[[ PROVIDED RECORDS, beginning ]]
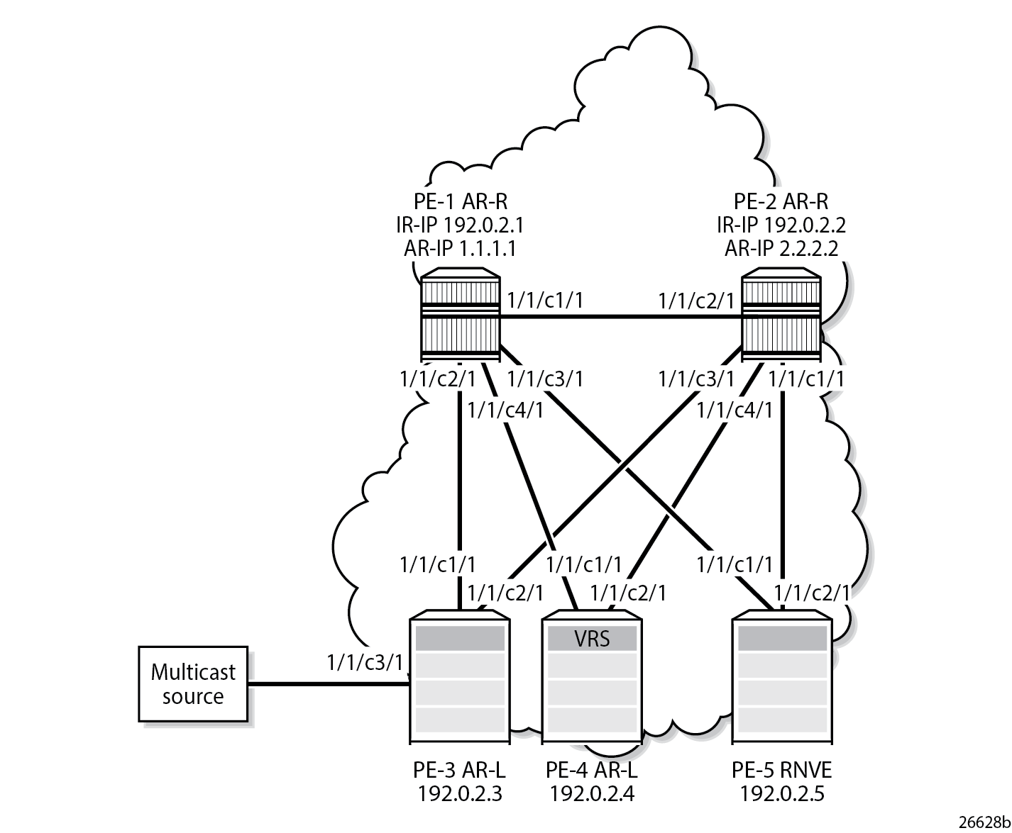 AR-R PE-1 receives the multicast traffic from PE-3 on port 1/1/c2/1 and forwards it to the egress ports 1/1/c3/1 toward PE-5 and 1/1/c4/1 toward PE-4, as follows. No multicast traffic needs to be forwarded to egress port 1/1/c1/1 toward PE-2. Source squelching ensures that the traffic is not sent back to the originator AR-L PE-3. PE-1 has no local SAPs or SDP-bindings.
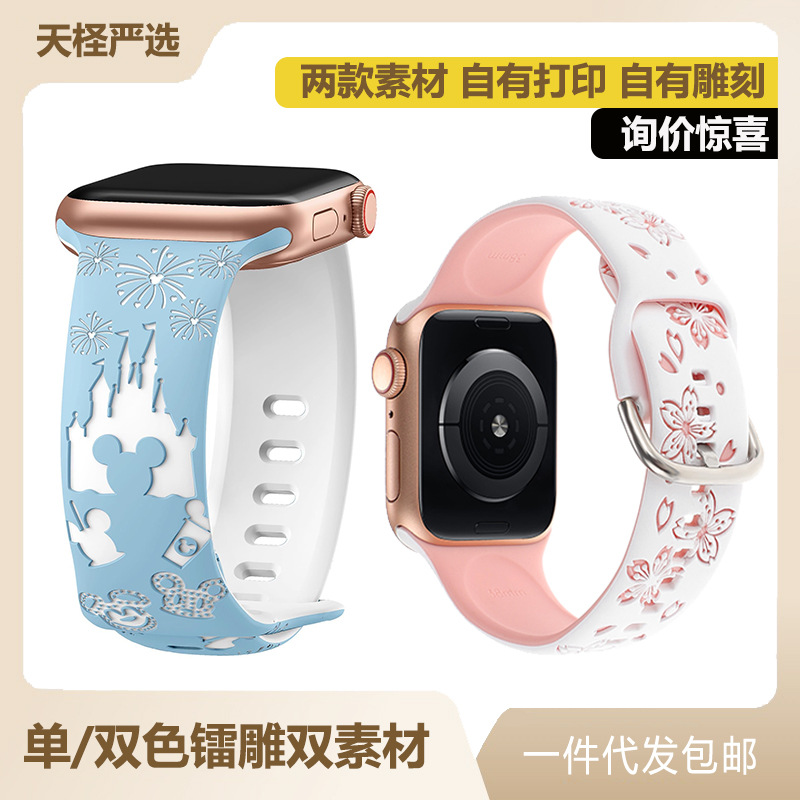 アップルのwatch蝶ボタンに適した2色の彫刻シリコンバンドiwatchエンボス彫刻
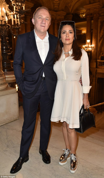 Durante el desfile de la diseñadora inglesa Stella McCartney en Paris Fashion Week, Salma Hayek estuvo en el front row del show acompañada de su esposo Francois-Henri Pinault.
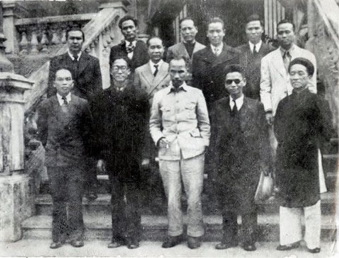 Chính phủ nước Việt Nam Dân chủ Cộng hòa năm 1946 (hàng đầu, từ trái sang phải: Cụ Nguyễn Văn Tố, Chủ tịch Hồ Chí Minh, Cụ Huỳnh Thúc Kháng)
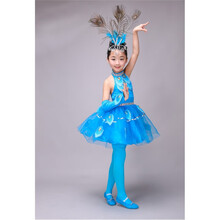 XING GE JUN六一儿童演出服装女童幼儿少儿舞蹈裙傣族舞孔雀舞民族表演服新款 蓝色短款+头饰+裤袜+鞋子 请备注鞋子尺码 90cm
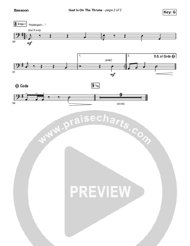 Download the Bassoon sheet music for God Is On The Throne (Unison/2-Part Choir) by We The Kingdom / Arr. Mason Brown, from the album We The Kingdom. This song was arranged by Mason Brown / Daniel Galbraith in the key of G.
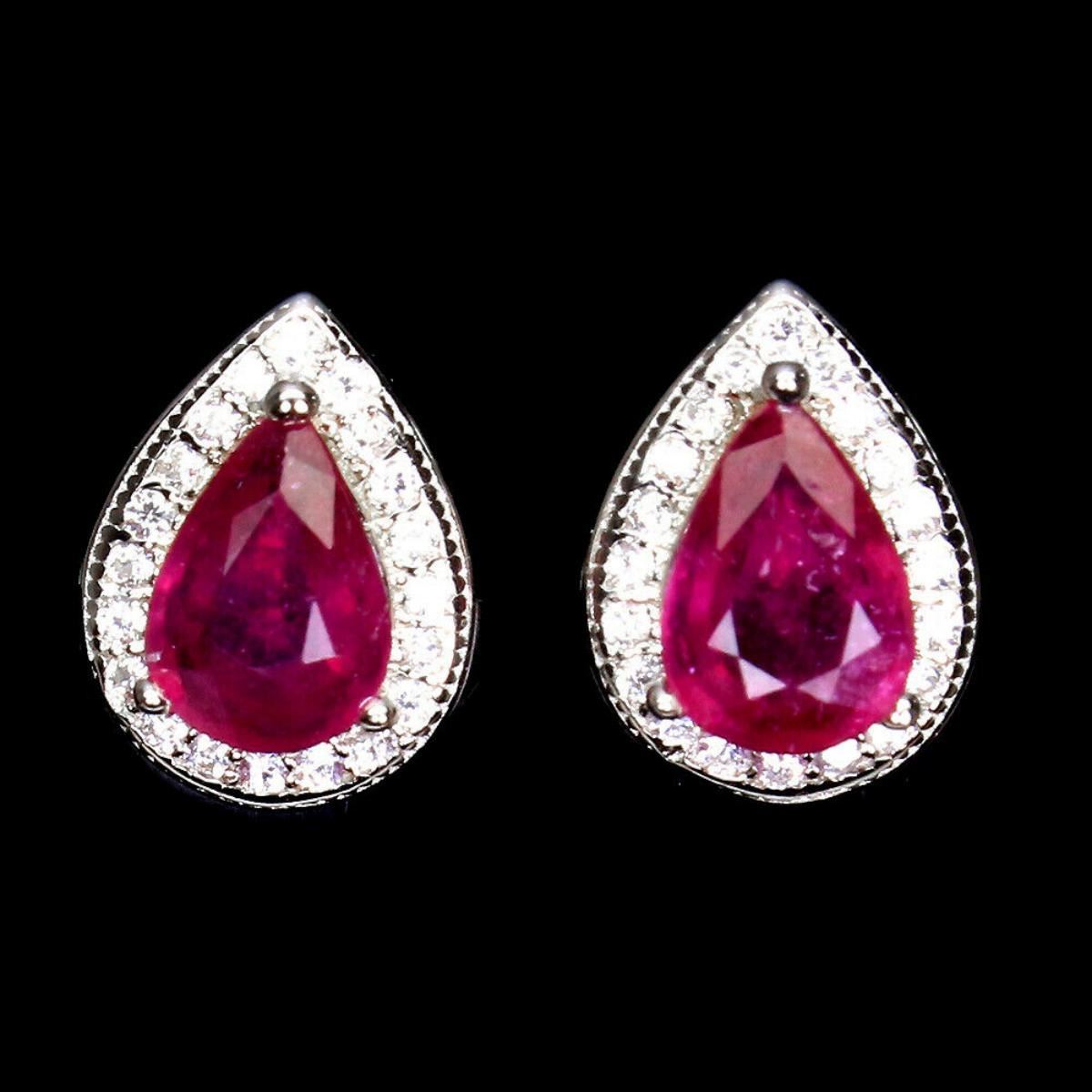 925 STERLING SILVER;PLATE-14K WHITE GOLD;MAIN STONE-RUBY;TOTAL WEIGHT-2.55 GRAM (TOTAL WEIGHT OF SILVER + STONE)DIMENSION-* STONE 7.0 X 5.0 MM. * CZ 1.0 MM. * FACE EARRINGS 10.0 X 8.0 MM.;MAIN STONE SHAPE-PEAR CUT;MAIN STONE COLOR-TOP RICH RED PINK;TREATMENT-_ yes;ORIGIN-MOZAMBIQUE;HARDNESS-9;
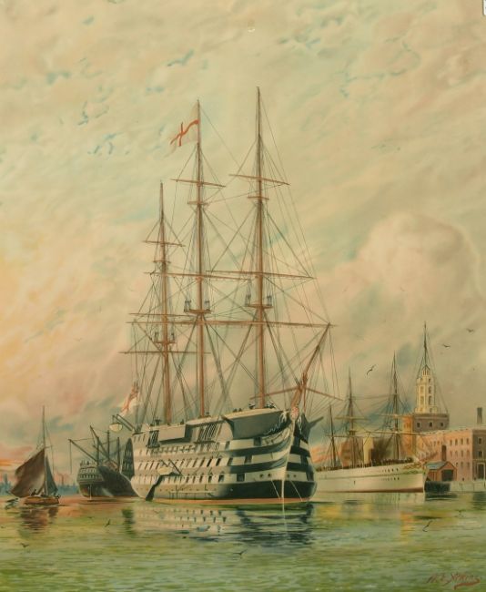 After William E Atkins, British 1842-1910- ''HMS Victory'', chromolithograph, published by J S Virtue & Co Lithographers London, 26" x 20", in a maple veneer frame.
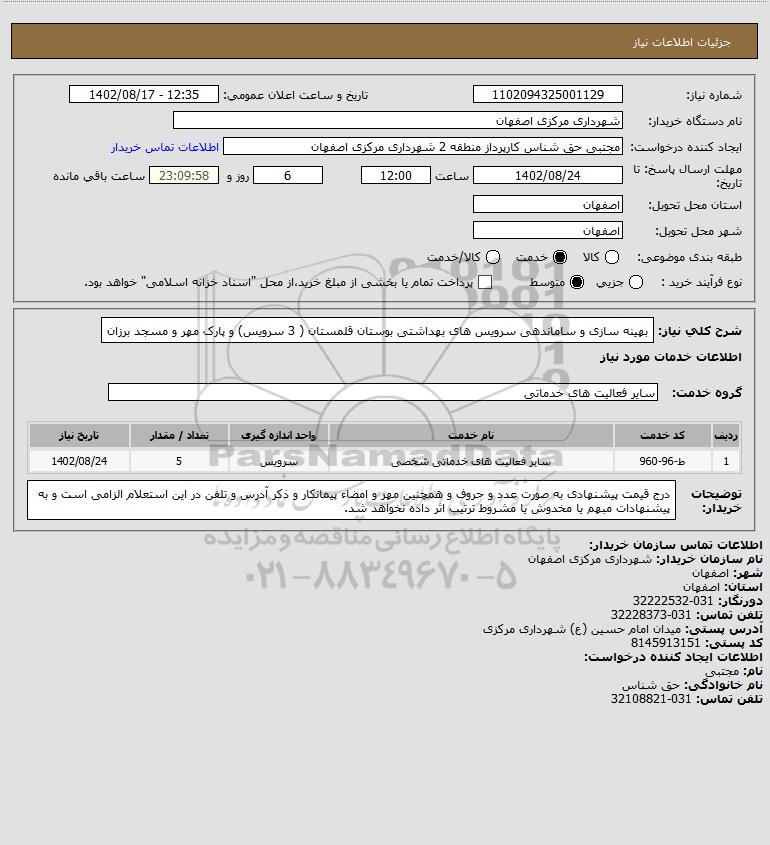 نام دستگاه خریدار:شهرداری مرکزی اصفهان
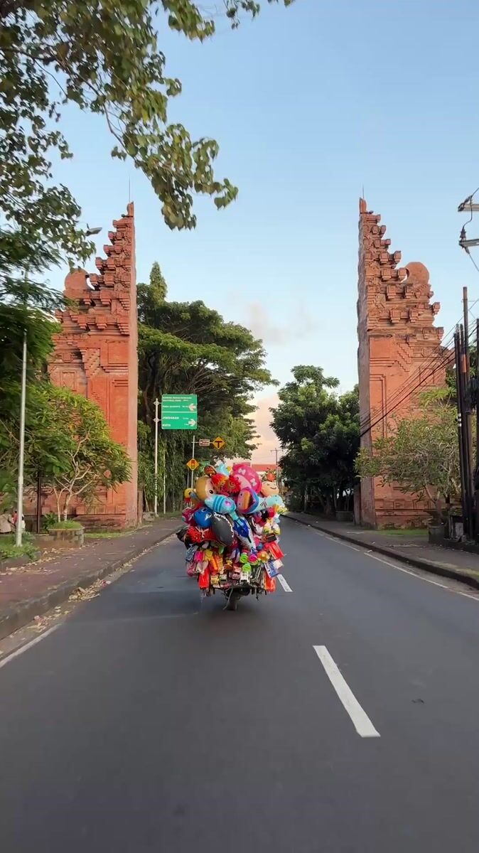 Balloon-laden motorbike spotted on Balinese road near traditional gates
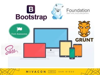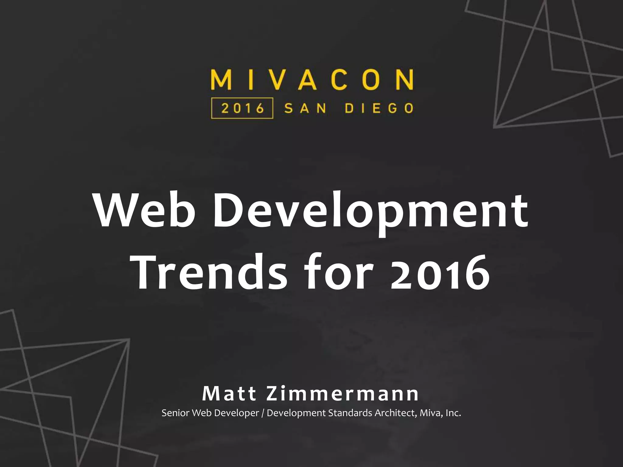 The document presents a session on web development trends for 2016, led by Matt Zimmermann, highlighting key trends such as hamburger menus, long-scroll sites, and card layouts. It emphasizes the importance of accessibility, quick page loads, and the adoption of new technologies. The session also includes links to slides and image credits relevant to the presentation.
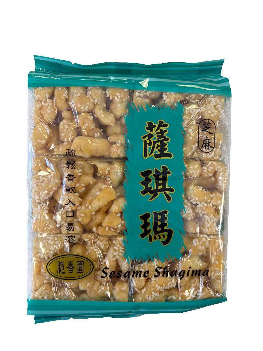 Tradizionali dolcetti cinesi Shaqima, morbidi e dolci con semi di sesamo tostati.
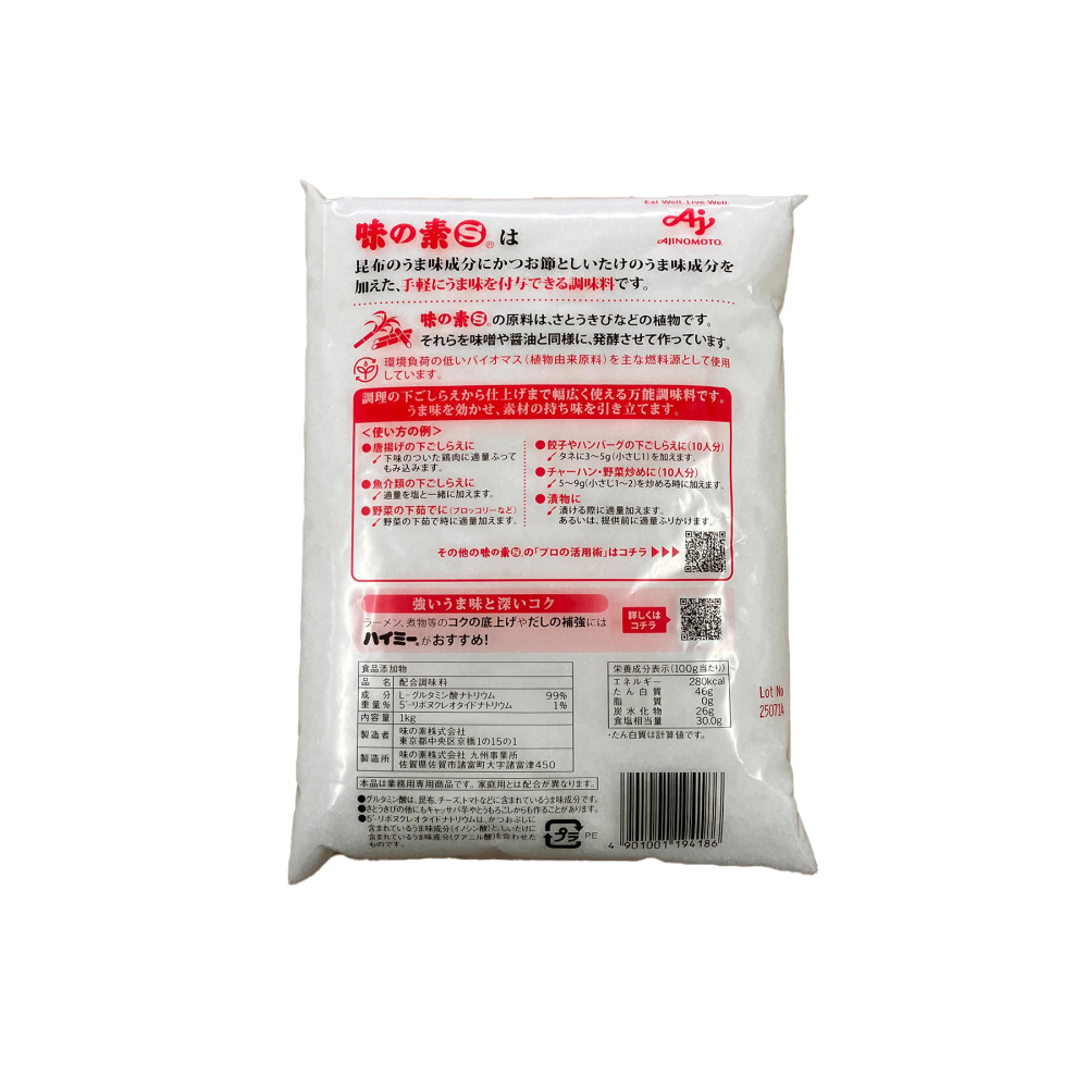 昆布のうま味成分にかつおぶしとしいたけのうま味成分を加えた、少量で手軽に料理をおいしくできるうま味調味料です。一般向けの味の素がL-グルタミン酸ナトリウム97.5%配合に対し、業務用の味の素SはL-グルタミン酸ナトリウム99%、5'-リボヌクレオタイドナトリウムが1%配合されています。素材本来の持ち味を引きたて、料理の味のバランスをととのえます。
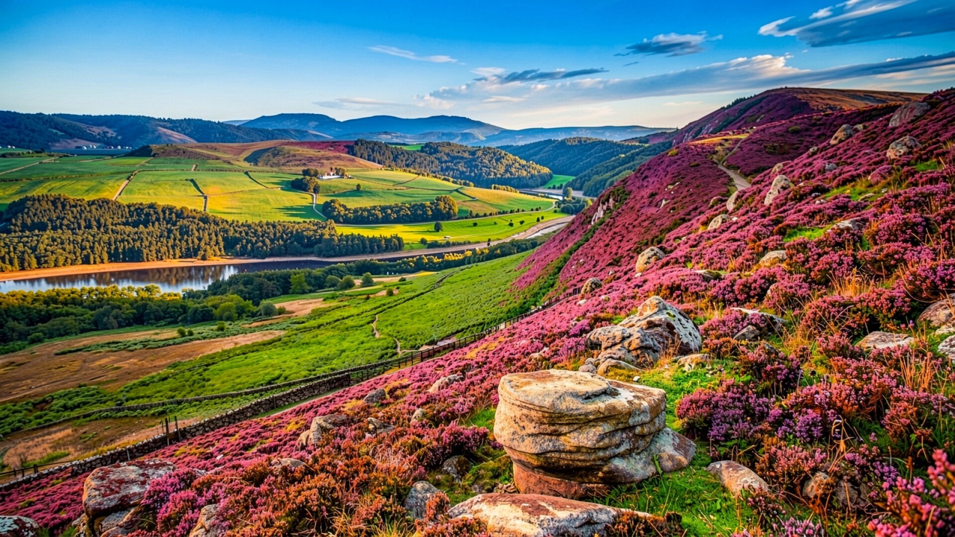 Композиция представляет собой панорамный вид на холмистую местность, где доминируют пурпурные массивы цветущего вереска и зеленые луга. Цветовая гамма построена на контрасте насыщенного фиолетового и ярко-зеленого оттенков под чистым голубым небом с кучевыми облаками. Технически снимок характеризуется высокой резкостью переднего плана, где видны гранитные валуны, и плавным переходом в атмосферную перспективу дальних гор. Согласно данным nationalgeographic.com, подобные ландшафты характерны для высокогорных пустошей, где специфический состав почвы способствует массовому цветению эрики.
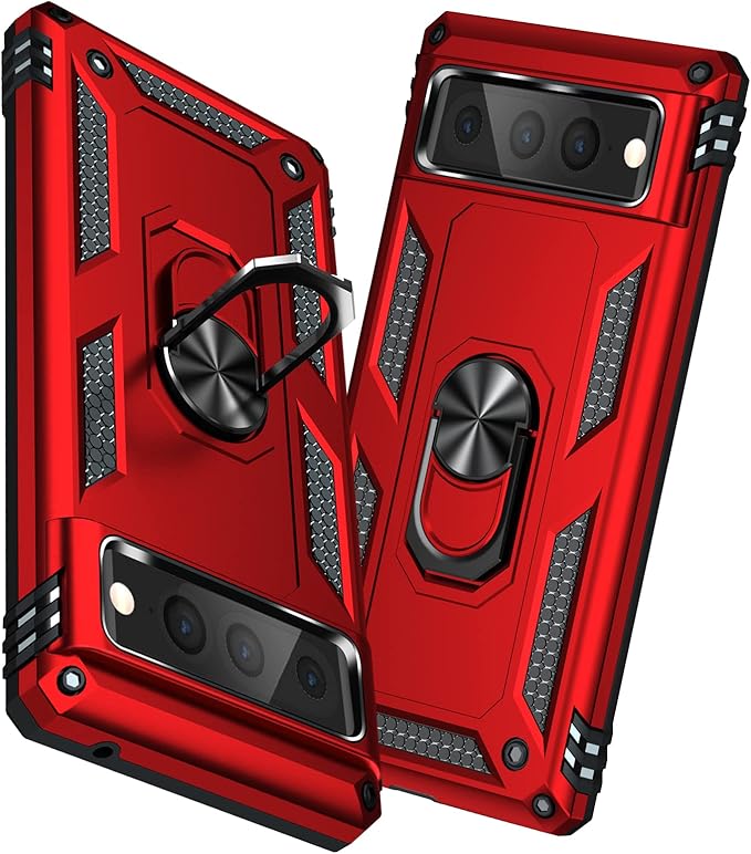 Google Pixel 7 Pro 用ケース リング 耐衝撃 衝撃吸収 傷防止 全面保護 カメラ保護 スタンド付き TPU+PCバンパー 指紋防止対策 グーグルピクセル7 pro 用ケース 6.7インチ 二重構造 360度回転 防塵 車載ホルダー対応 黄変防止 米軍MIL規格 軽量 薄型 耐傷性 滑り止め 人気 携帯カバー 赤 MZ61-119
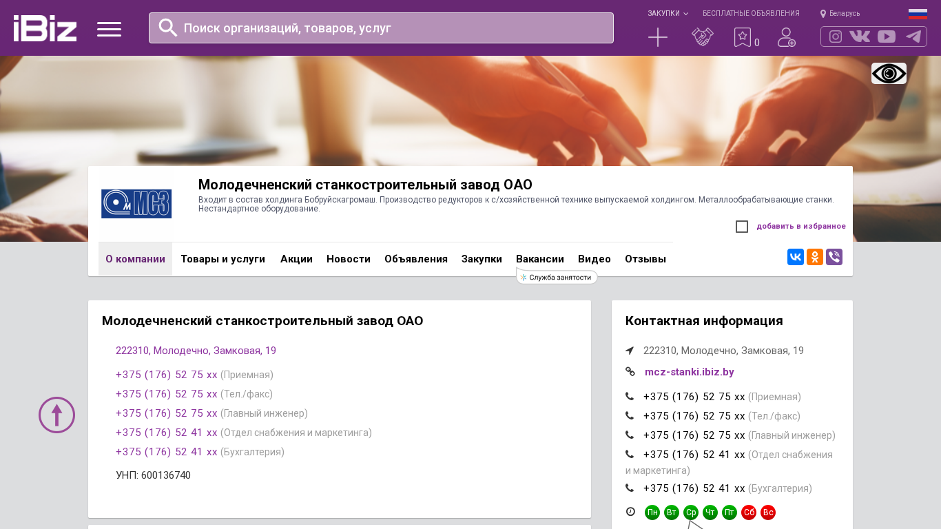 | Название / Заголовок | Молодечненский станкостроительный завод ОАО - Входит в состав холдинга Бобруйскагромаш. Производство редукторов к с/хозяйственной технике выпускаемой холдингом. Металлообрабатывающие станки. Нестандартное оборудование.. 222310, Молодечно, , Замковая, 19 |
[[ PROVIDED RECORDS, end ]]
TASK DESCRIPTION: When you reach the line with "Chính phủ nước" in the records above, begin repeating the lines exactly, and stop after the line with "昆布のうま味成分にかつおぶし". Skip all pictures.

SOLUTION:
 Chính phủ nước Việt Nam Dân chủ Cộng hòa năm 1946 (hàng đầu, từ trái sang phải: Cụ Nguyễn Văn Tố, Chủ tịch Hồ Chí Minh, Cụ Huỳnh Thúc Kháng)
 XING GE JUN六一儿童演出服装女童幼儿少儿舞蹈裙傣族舞孔雀舞民族表演服新款 蓝色短款+头饰+裤袜+鞋子 请备注鞋子尺码 90cm
 Download the Bassoon sheet music for God Is On The Throne (Unison/2-Part Choir) by We The Kingdom / Arr. Mason Brown, from the album We The Kingdom. This song was arranged by Mason Brown / Daniel Galbraith in the key of G.
 925 STERLING SILVER;PLATE-14K WHITE GOLD;MAIN STONE-RUBY;TOTAL WEIGHT-2.55 GRAM (TOTAL WEIGHT OF SILVER + STONE)DIMENSION-* STONE 7.0 X 5.0 MM. * CZ 1.0 MM. * FACE EARRINGS 10.0 X 8.0 MM.;MAIN STONE SHAPE-PEAR CUT;MAIN STONE COLOR-TOP RICH RED PINK;TREATMENT-_ yes;ORIGIN-MOZAMBIQUE;HARDNESS-9;
 After William E Atkins, British 1842-1910- ''HMS Victory'', chromolithograph, published by J S Virtue & Co Lithographers London, 26" x 20", in a maple veneer frame.
 نام دستگاه خریدار:شهرداری مرکزی اصفهان
 Balloon-laden motorbike spotted on Balinese road near traditional gates
 The document presents a session on web development trends for 2016, led by Matt Zimmermann, highlighting key trends such as hamburger menus, long-scroll sites, and card layouts. It emphasizes the importance of accessibility, quick page loads, and the adoption of new technologies. The session also includes links to slides and image credits relevant to the presentation.
 Tradizionali dolcetti cinesi Shaqima, morbidi e dolci con semi di sesamo tostati.
 昆布のうま味成分にかつおぶしとしいたけのうま味成分を加えた、少量で手軽に料理をおいしくできるうま味調味料です。一般向けの味の素がL-グルタミン酸ナトリウム97.5%配合に対し、業務用の味の素SはL-グルタミン酸ナトリウム99%、5'-リボヌクレオタイドナトリウムが1%配合されています。素材本来の持ち味を引きたて、料理の味のバランスをととのえます。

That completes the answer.